Dataset excerpt section start

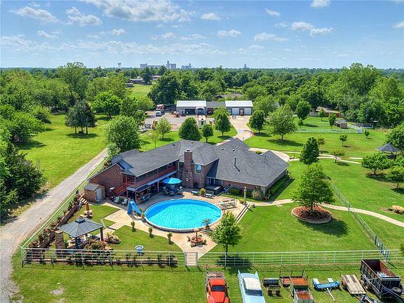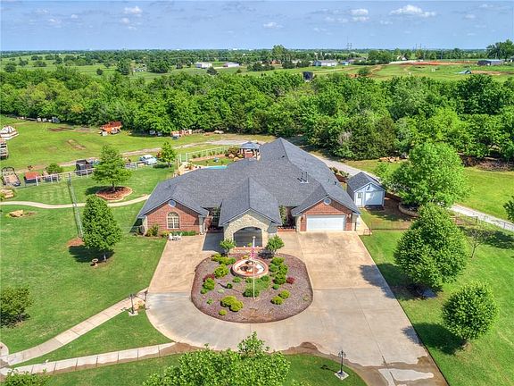 EXPERIENCE Premier, Luxury LIVING on this 7.07 Acre Private Retreat. Picturesque property with private, treed entrance. Exceptionally crafted residence boasts a breathtaking 4336 sqft. DESIGNER interiors w/ soaring 16ft Ceilings & Stone Fireplace in the Living. Gorgeous Woodwork, Chefs Kitchen complete w/ Jenn Air Appliances, Double ovens, Gas Cook top, EXPANSIVE center island, & Ample Cabinet Space. Outdoor Living area is THE PLACE TO BE! Entertainers dream. VERSATILE SPACE INCLUDES: 40x150 Shop Building, 1200 Sq Ft Office Space featuring a full Bath & Kitchen(could easily be converted to a single family residence). All 4 shop units are fully equipped w/ heat & air, electric, concrete floors, motorized over head doors & bunk room. Other Property amenities include:fully equipped greenhouse, chicken house, 3 storage buildings, pool, pergola, fire pit, outdoor kitchen & more. Making the possibilities for future use & development endless.
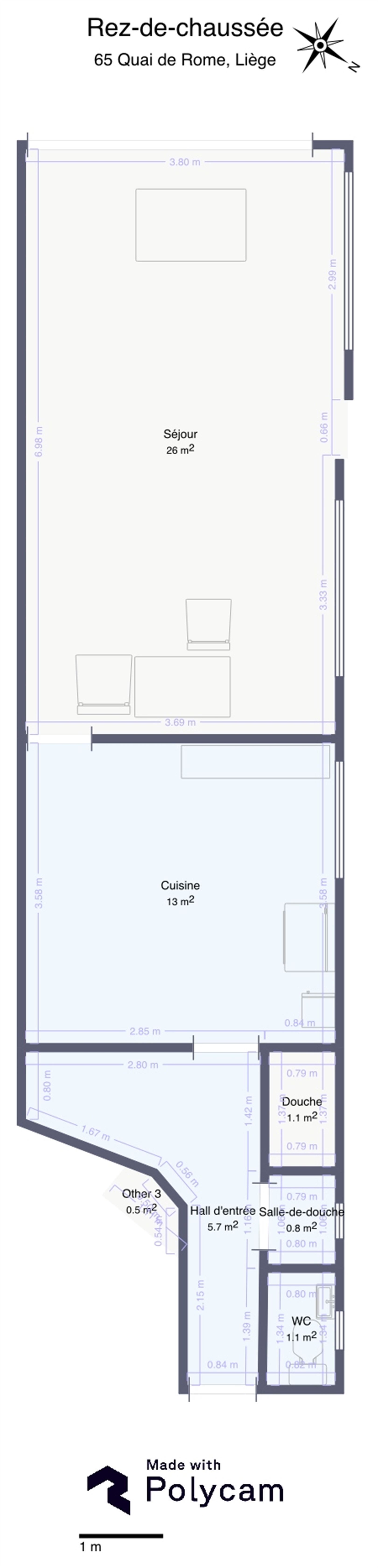 Dès l’entrée, vous découvrez un hall menant vers une cuisine spacieuse de 13 m², idéale pour aménager un véritable espace de vie convivial. Le lumineux séjour de 26 m² constitue le cœur du bien et offre de nombreuses possibilités d’aménagement selon vos besoins : espace professionnel, pied-à-terre ou investissement. Une salle de douche fonctionnelle ainsi qu’un WC indépendant complètent l’ensemble.
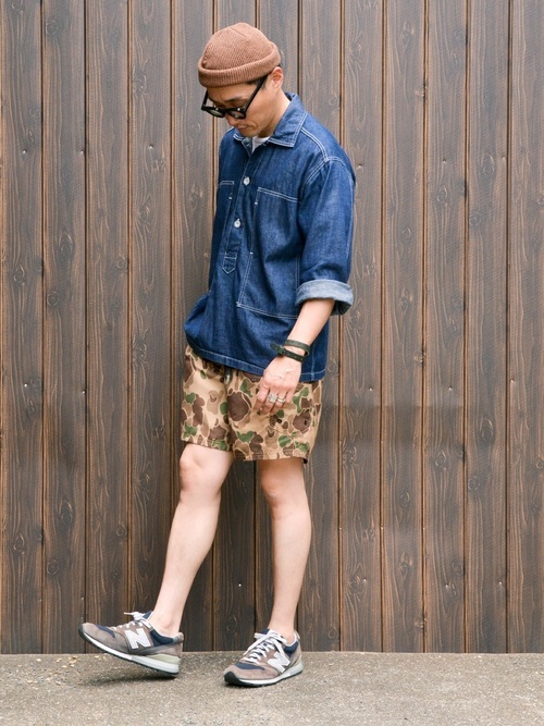 キャップと靴もショーツと同系色で、アイテム同士がケンカせず、きれいにまとまっていますね。上半身をデニムシャツ、眼鏡、キャップでキレイ目にまとめることによって、ラフさを抑えています。春から夏にかけて長く使えるコーデですね。

Dataset excerpt section end

Work instructions. The full text of the data above, exact and without pictures, is what to return.

Result.
 EXPERIENCE Premier, Luxury LIVING on this 7.07 Acre Private Retreat. Picturesque property with private, treed entrance. Exceptionally crafted residence boasts a breathtaking 4336 sqft. DESIGNER interiors w/ soaring 16ft Ceilings & Stone Fireplace in the Living. Gorgeous Woodwork, Chefs Kitchen complete w/ Jenn Air Appliances, Double ovens, Gas Cook top, EXPANSIVE center island, & Ample Cabinet Space. Outdoor Living area is THE PLACE TO BE! Entertainers dream. VERSATILE SPACE INCLUDES: 40x150 Shop Building, 1200 Sq Ft Office Space featuring a full Bath & Kitchen(could easily be converted to a single family residence). All 4 shop units are fully equipped w/ heat & air, electric, concrete floors, motorized over head doors & bunk room. Other Property amenities include:fully equipped greenhouse, chicken house, 3 storage buildings, pool, pergola, fire pit, outdoor kitchen & more. Making the possibilities for future use & development endless.
 Dès l’entrée, vous découvrez un hall menant vers une cuisine spacieuse de 13 m², idéale pour aménager un véritable espace de vie convivial. Le lumineux séjour de 26 m² constitue le cœur du bien et offre de nombreuses possibilités d’aménagement selon vos besoins : espace professionnel, pied-à-terre ou investissement. Une salle de douche fonctionnelle ainsi qu’un WC indépendant complètent l’ensemble.
 キャップと靴もショーツと同系色で、アイテム同士がケンカせず、きれいにまとまっていますね。上半身をデニムシャツ、眼鏡、キャップでキレイ目にまとめることによって、ラフさを抑えています。春から夏にかけて長く使えるコーデですね。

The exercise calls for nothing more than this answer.